我半垂著眸子,努力很職業的把準備好的飯菜一一呈在他面前,待將果凍也擺好後,又把盛著一沓巾子的鏨花卉紋銀托盤放到案邊,方雙手交疊身前,禮貌的微鞠一躬:“請公子用餐。”

不管從東方西方哪個方來看,我都做得很到位,就差微笑了。

秦明非似笑非笑的看著我,姿態優雅的拈了二齒銀簽,將果凍送入口中。

我雖目不斜視,然而他的一舉一動依舊遞入眼角。

我見他閉目品味,貌似滿意,心中不禁暗笑。其實果凍這東西,只要掌握好用料比例,好做得很,真難為他竟如此喜愛,這大約就是物以稀為貴吧。

只恨他不許此物外流,否則我擺個小攤子……

不能不說,他昨天給我開出的條件成功的激起了我賺錢的欲望與靈感,可惜……

眼角忽然銀光一閃,仿佛有什麽東西向我彈了過來,我都未及躲閃,便覺頭上一松,縛於額前的發帶飄落。我原本就怕它脫落,於是綁入發中,而它這麽一斷,頭發也跟著披散下來。

“這樣多好。”秦明非順手撈了我的一縷長發:“嗯,發質也不錯,還很香……”

我發現男人是不是……只要距離近點,就開始放飛自我?

“你不用遮遮擋擋,我說了,只要我不想讓人看見,就沒有任何人可以看見,否則你就是把煉丹爐綁在頭上都沒用。除非……”他陰陰一笑:“你把腦袋割了。”

大約也覺得此言太過血腥,又大笑掩飾:“只可惜,這麽漂亮的頭,你舍得,我也不舍得。”

他又要撈我的頭發。

我把頭發攏過來,飛快的捆了捆。

秦明非也不介意,又拈了根銀簽子,開始吃果凍,還給我提建議:“這裏面要是有點……有點什麽就好了。比如櫻桃,我最喜歡吃這個。”

你倒想得美!

不是不可以往裏多放點什麽,只是果凍的清甜會壓過其他水果的甜味,對比之下,水果會顯得酸澀,反降低了果凍的口感,除非拿糖漬了。可你知道飴糖有多貴嗎?你這兩頓就快把我的2000元寶幹進去了,居然還敢提條件?

不過他這麽一說,我已經不由自主的開始琢磨怎麽把果凍多翻新出幾個花樣。

“你好好琢磨吧,過幾日,我要去小白衣家做客,打算也給她見識一下這怪東西……”

怪東西?

我豎起眉毛。

“她新得了些寶物,皆是有助桃花門派的修煉,不知她開心之下,是否能送我幾樣……”

小白衣的東西自是世人難得的寶貝,別說幾樣,只需得了最不起眼的某件,那修行便是突飛猛進,常人難敵。若是我可以……

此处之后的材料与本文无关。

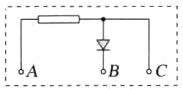 例5 如图9所示,电学实验室的“黑盒子”表面有A、B、C三个接线柱,盒内总共有两个电学元件(一只定值电阻和一只半导体二极管),每两个接线柱之间最多连接一个元件。为了探明盒内元件的连接方式,小华同学用多用电表进行了如下探测:用多用电表欧姆挡进行测量,把红、黑表笔分别与接线柱A、B、C连接,测量结果如表: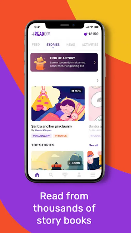 Built with 10 years of primary and secondary research, Freadom first locates the users reading level and then navigates them to the desired level, basis a proprietary reading scale. We use an AI ready recommendation engine to match users to the most relevant content.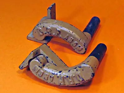 Besonders einfallsreich sind die gußeisernen Seitenbankhaken konstruiert. Die Aufschrift: "Deutsches Reichspatent zeigt, dass robuste Spanneinrichtungen ganze Schnitzergenerationen überdauern können. Die Nachteile käuflicher Spanneirichtungen aus Metall sind nicht ganz so offensichtlich: Sie sind meist recht teuer und nicht nur der Anfänger läuft ständig Gefahr, die Schneiden seiner Beitel empfindlich zu beschädigen.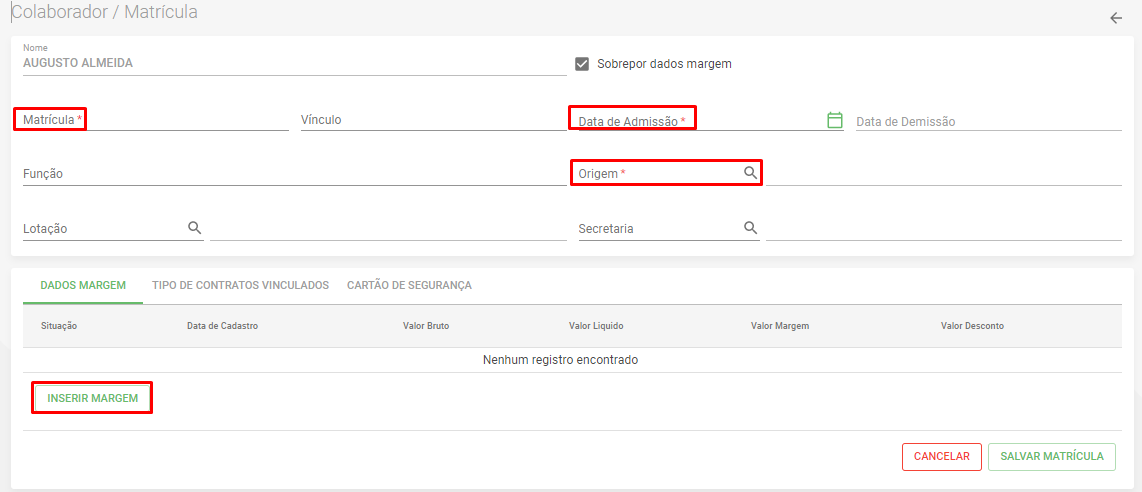 Deverá preencher os campos obrigatórios *, e posterior o preenchimento não esquecer de clicar em INSERIR MARGEM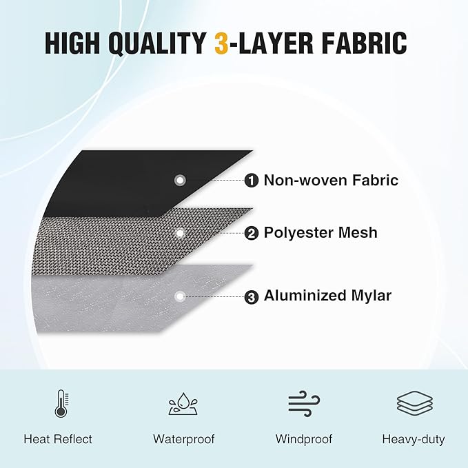 - High Quality Material: This heat reflective blanket is waterproof, windproof and has excellent heat retention. Made of non-woven fabric and polyester mesh combined with aluminum mylar coating.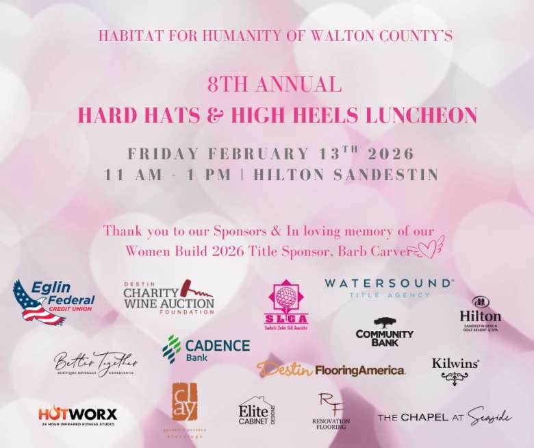 Habitat Walton County invites you to join them at the annual Hard Hats & High Heels, a women's empowerment luncheon bringing together a cross-section of the Emerald Coast's professional, social, and philanthropic leaders. The Hard Hats & High Heels Luncheon takes place on Friday, February 13th at The Hilton Sandestin Beach Golf Resort & Spa from 11AM - 1PM.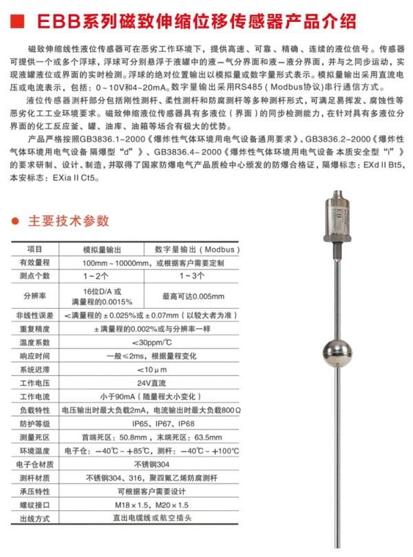 EBB 拿度模拟量/数字量/Modbus485/SSI磁致伸缩直线位移传感器油缸]信息由会员[

“可惜啊,我一個大理,即便得了這桃花的寶貝也沒什麽用,真是……誒,蘇蘇是在笑嗎?”

我在笑嗎?

我急忙恢覆好表情。

“蘇蘇笑什麽?笑我用不得桃花的寶物?”他顯得很生氣,仿佛受了極大的侮辱。

“你用不到,但是有人可以啊。”我極力正色。

“有人?”他將不可置信的表情誇張到不可置信:“你是說……蘇蘇?”

“你這麽說出來不就是要送我嗎?”

既然要厚臉皮,那麽大家都厚起來吧!

“你這會倒聰明了。”秦明非靠在引枕上斜了眸子看我:“你就不怕我為了這寶貝換了門派?”

“你舍得?”我順口回了一句。

屋子忽然靜下來,只見風卷簾幔,翩翩輕擺,只聽風過竹林,枝葉輕吟。

我說錯了什麽嗎?

我頓時在心裏哀悼我那尚未到手的寶物,又安慰自己,反正從未得到,失去也不可惜。

冷不防耳邊傳來一個聲音:“你是說我不舍得我這幾百年的家學還是不舍得讓蘇蘇失望呢?”

那聲音離我如此之近,以至於我一回頭,就對上他的臉,甚至臉頰堪堪擦過他的鼻尖。

我一聲輕呼,下一瞬已距他一丈開外。

秦明非也沒有追上來。

他就站在那,簾幔輕揚,將他天青色的身影半遮半掩,不見神色。

我呼喚了我的食盒,慌不擇路,破窗而出。

身後似乎傳來他的笑語:“蘇蘇,下次記得帶個修窗的師傅……”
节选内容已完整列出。